China ready to play greater role in Afghan geopolitics

By Najibu Bakhtaran Source:Global Times Published: 2012-11-13 19:55:04

 

Illustration: Liu Rui
Illustration: Liu Rui



When China and Afghanistan signed a Friendship and Mutual Non-Aggression Treaty in 1960, they called it "a new Silk Road," evoking nostalgic memories of a link between the two countries established 2,000 years ago.

After the interim government was formed, Sino-Afghan ties were officially reestablished. This was characterized as friendly relations, but at the same time lacked some important bilateral engagement at the political level.

This continued until the 9/11 attacks on the US, which brought an abrupt severing of links with the Taliban and a quick restoration of its diplomatic links with a Western-backed government. Following then-new Afghan President Hamid Karzai's visit to Beijing in January 2002, China's embassy reopened in Kabul and promised $150 million for reconstruction.

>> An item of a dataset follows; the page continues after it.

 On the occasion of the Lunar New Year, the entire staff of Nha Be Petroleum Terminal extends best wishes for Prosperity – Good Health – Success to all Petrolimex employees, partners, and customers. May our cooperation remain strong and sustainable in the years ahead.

However, this is a figure barely commensurate with China's fast growing geopolitical, geoeconomic and security profile and pales in contrast to that of other regional players including Iran and India. For instance, India's support for rebuilding and development of Afghanistan actually exceeded $1 billion.

In December 2002, China signed the Kabul Declaration on Good Neighbourly Relations, under which China promised to respect Afghanistan's territorial integrity and sovereignty. China also pledged to support the peace process and reconstruction efforts in Afghanistan. However, in the next few years, high-level exchanges between Kabul and Beijing have been relatively far and few. The visits appear to have yielded little apart from statements that reiterated the earlier rhetoric of "cooperation, friendliness and resolve to jointly fight terrorism." 

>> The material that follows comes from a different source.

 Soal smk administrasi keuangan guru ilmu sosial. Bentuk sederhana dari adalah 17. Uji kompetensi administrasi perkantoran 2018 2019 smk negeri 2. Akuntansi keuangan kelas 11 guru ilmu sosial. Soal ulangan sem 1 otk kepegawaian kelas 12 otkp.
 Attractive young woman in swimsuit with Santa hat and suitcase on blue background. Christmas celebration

The first signs of a potential re-alignment in Sino-Afghan bilateral relations came from Karzai's visit to Beijing on March 27, 2010. Karzai's choice of Beijing for his second overseas visit after his controversial reelection signaled his determination to reduce his dependence on the West.

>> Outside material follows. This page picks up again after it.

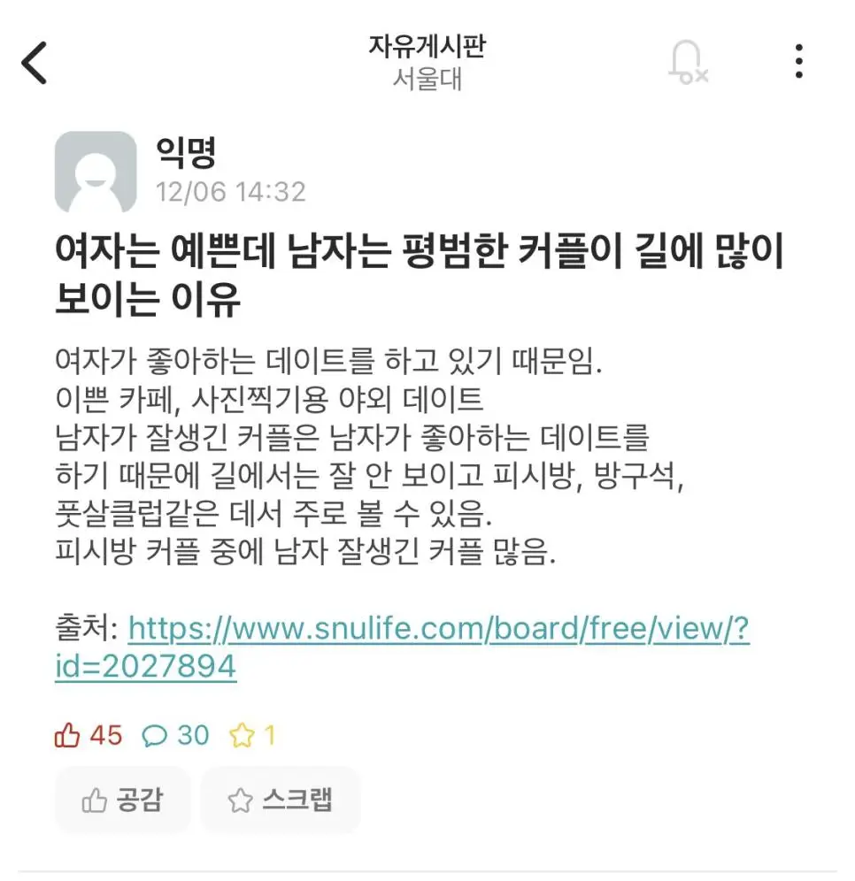 여자는 예쁜데 남자는 평범한 커플이 유독 많이 보이는 이유

The Sino-Afghan relationship is arguably an imbalanced one. China has a number of concerns, such as that Afghanistan should not become or provide a safe haven for Uyghur separatists, that drug trafficking from Afghanistan into China is curtailed, that NATO withdraws following the realization of a settlement, that the government in Kabul does not oppose China's long-time ally Pakistan. China is also unhappy with the presence of US troops in the region.

Yet even if these Chinese interests are precise to Afghanistan, they cannot be separated from the larger and complex Central and South Asian matrix, which to a substantial extent has and will continue to form Beijing's policies toward Afghanistan.

The Pamir mountain region is home to a number of geopolitically important features. The Wakhan Corridor can be seen on political maps as the eastern "finger" of Afghanistan. The Corridor is often called the Afghan Panhandle and was created by the British in 1895, a progeny of the "Great Game" between Britain and Russia.

The main purpose of the Corridor was to thwart Russian advances toward British India during the "Great Game" and effectively separated British and Russian territory. Named after the Wakhan region of Afghanistan's Badakhshan Province, the boundary was marked by the Russian-Afghan Boundary Commission of 1884-86.

Russell Hsaio, in an article published in China Brief 2010 issued by the Jamestown Foundation, discussed China's increasingly important relationship with Afghanistan through the Wakhan Corridor. The Corridor has huge importance geopolitically and geo-economically, as it allows China to access a treasure trove of mineral deposits, including vast quantities of industrial metals such as lithium, cobalt, copper and iron. With these resources, China has the economic power to control strategic planning in the region.

Geopolitics is the art and practice of using political power over a given territory. Traditionally, the term has applied primarily to the impact of geography on politics, but its usage has evolved over the past century to encompass a wider connotation. In 1904, Halford Mackinder, the father of geopolitics, predicted that "Who rules the heartland commands the World-island; who rules the World-island commands the World."

Central Asia, the region extending from Iran in the west to the Xinjiang Uyghur Autonomous Region of China in the east and from the Russian steppes in the north to Pakistan in the south, is the true heartland of Eurasia in the 21st century.

Afghanistan is the missing link in a unified Eurasian continental trade and transport system. It could be a "New Silk Road" that would enhance prosperity and security for all. Mackinder's theory was much derided at the time because the heartland of Eurasia was then divided between the imperial powers of the UK and Russia.

A century later, however, Mackinder's prediction has finally come true in this reborn heartland of Eurasian. It is probably more relevant today than ever, with the gradual decline of US influence and the growing presence of China and India in the region.